Our systems are grouped by type of feature; systems based on BERT are identified by the name of the BERT model followed by the learning algorithm employed to build the model of such system. Learning algorithms are abbreviated as lsvc for linear SVM, rf for random forests, poly and rbf for SVM with such kernels and voting for the ensemble of all non-deep-learning models. Systems based only on lexical features are identified only by the name of the involved learning algorithm. Results for decision trees are not shown, since the performance of said model was not competitive.

5.1. ASSIN in European Portuguese

A selection of results for the ASSIN-PTPT corpus is shown in Table 1, and the per class results of the fine tuned ptBERT-Large model are shown in Table 2. Considering the remaining results, linear SVM is the machine learning method with the best performance in most experiments, while decision trees correspond to the overall worst performance. However, the MSE of the linear SVM model based on ptBERT-Large embeddings and lexical features is higher than 1, unlike all other models based on this feature set. For all other experiments in ASSIN-PTPT, the MSE value is only higher than 1 when using decision trees. The best MSE value for a model based on ptBERT-Large and lexical features was obtained with a random forest, which is the only machine learning method that considers feature selection. However, for this feature set, using random forests in other models does not result in greater performance than linear SVM, which suggests that the MSE’s instability with Large embeddings is due to the greater complexity inherent to their greater size.

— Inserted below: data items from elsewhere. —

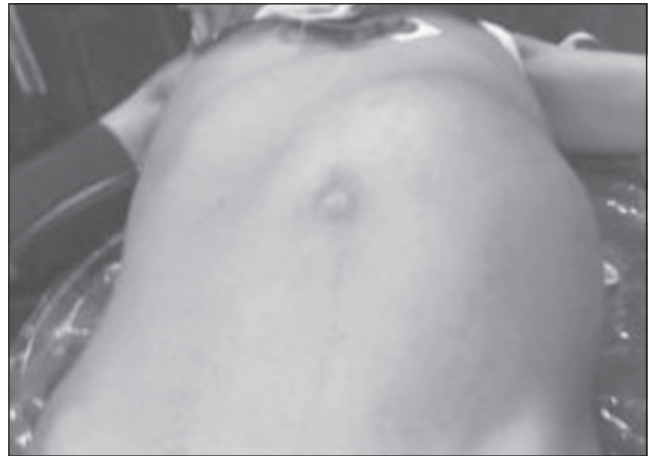
FIGURA 1. Vista del paciente donde se observa el tumor abdominal.

flanco izquierdo. Se expandió lentamente a todo el hemiabdomen y en los cuatro días previos a la operación ocurrió el cambio brusco de dolor e incremento de su tamaño (figura 1). El paciente notó, además, aumento de volumen del lado izquierdo del escroto, acompañado de dolor. Negaba la presencia de vómito, fiebre, sangre en la orina o defecación anormal.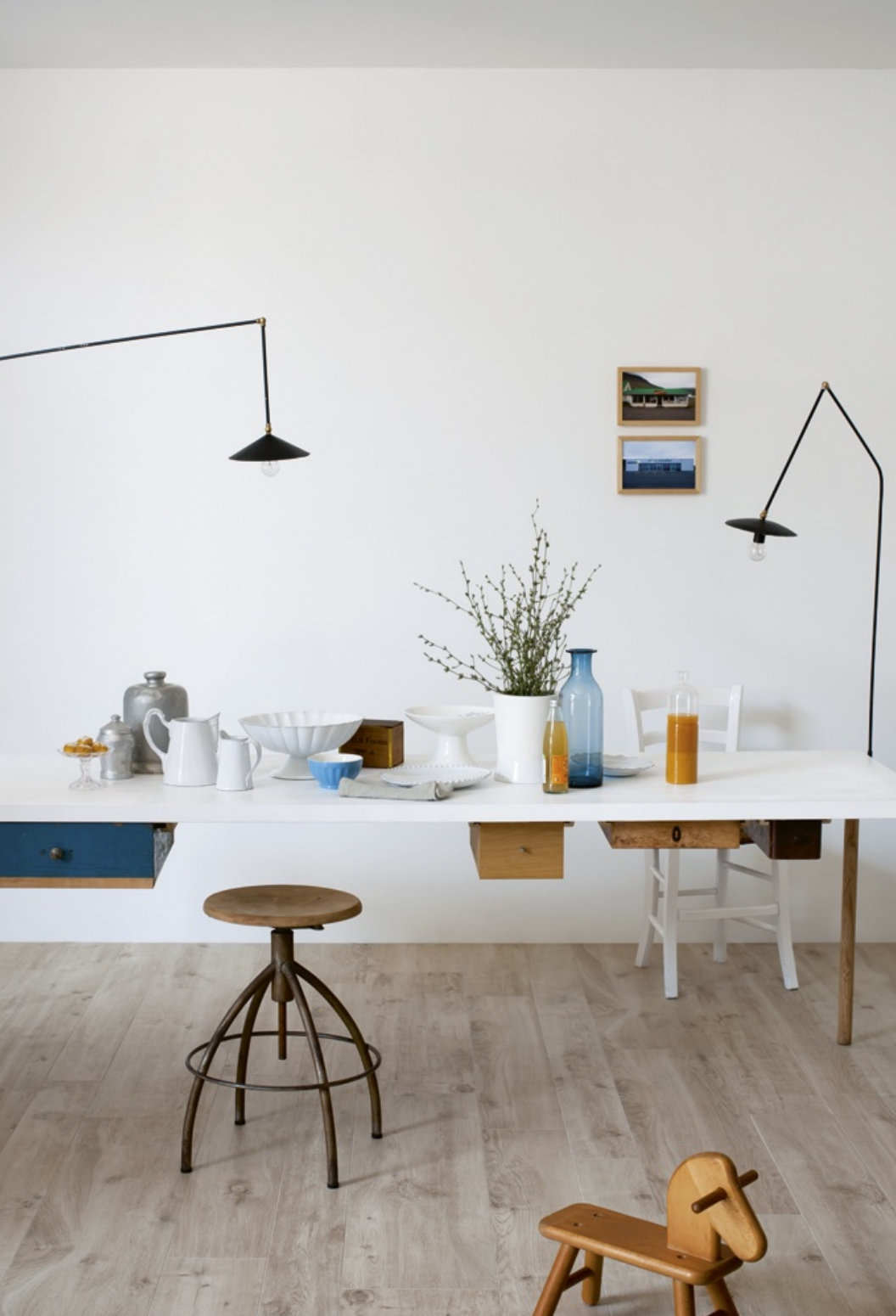
Treverk Home 20 Betulla 20 x 120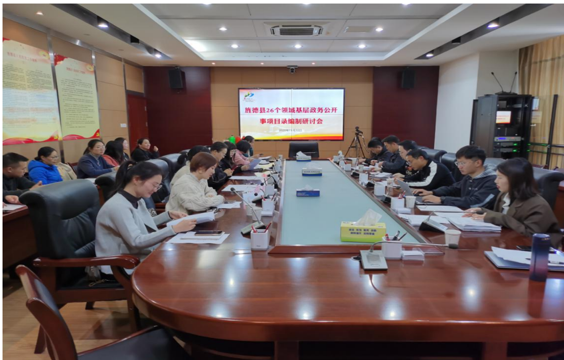
召开二次基层政务公开目录编制会议，按时按量级完成县、乡两级基层公开事项目录编制工作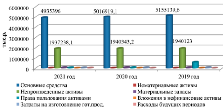
Рис. 1. Динамика составляющих нефинансовых активов ФГБОУ ВО «Университет» за 2019–2021 гг., тыс.руб.

Величина нефинансовых активов 2020 г. снизилась на 658776,7 тыс.руб. и составляла 7181809,5 тыс.руб. к уровню 2019 г., к 2021 г. их стоимость сократилась еще на 101772,5 тыс.руб. до 7080037 тыс.руб. Величина финансовых активов увеличилась за анализируемый период на 254342,9 тыс.руб. и составила 4461503,8 тыс.руб.

For models with only BERT embeddings as feature vectors, results for non linear SVMs are similar to or worse than those of linear SVM. Additionally, the MSE for all such models based on ptBERT and decision trees was 1.03, while the MSE for the model based on mBERT and decision trees was 0.94, although we expected the Portuguese-only model to always be superior to the multilingual model.

5.2. ASSIN in Brazilian Portuguese

A selection of results for the ASSIN-PTBR corpus is shown in Table 3, and the per class results of the fine tuned ptBERT-Large model are shown in Table 4.

In ASSIN-PTBR, all models based on feature vectors with only BERT embeddings of any BERT model performed similarly, except for models based on decision trees and random forests (also composed of decision trees) which had lower performances.

For BERT embeddings with lexical features, performance was similar in all models and for both tasks, except for random forests with ptBERT-Large embeddings where all evaluation metrics were at least 10% lower than in other models.

For traditional models in ASSIN-PTBR, lexical features achieved the best accuracy, using a linear SVM, and BERT-Base embeddings combined with lexical features achieved the best F1 (mBERT), MSE and Pearson (ptBERT)—all in models based on the voting strategy. Such results are competitive or better than those obtained with the fine tuned mBERT-Base model.

5.3. ASSIN in European and Brazilian Portuguese

A selection of results for the full ASSIN corpus is shown in Table 5, and the per class results of the fine tuned ptBERT-Large model are shown in Table 6.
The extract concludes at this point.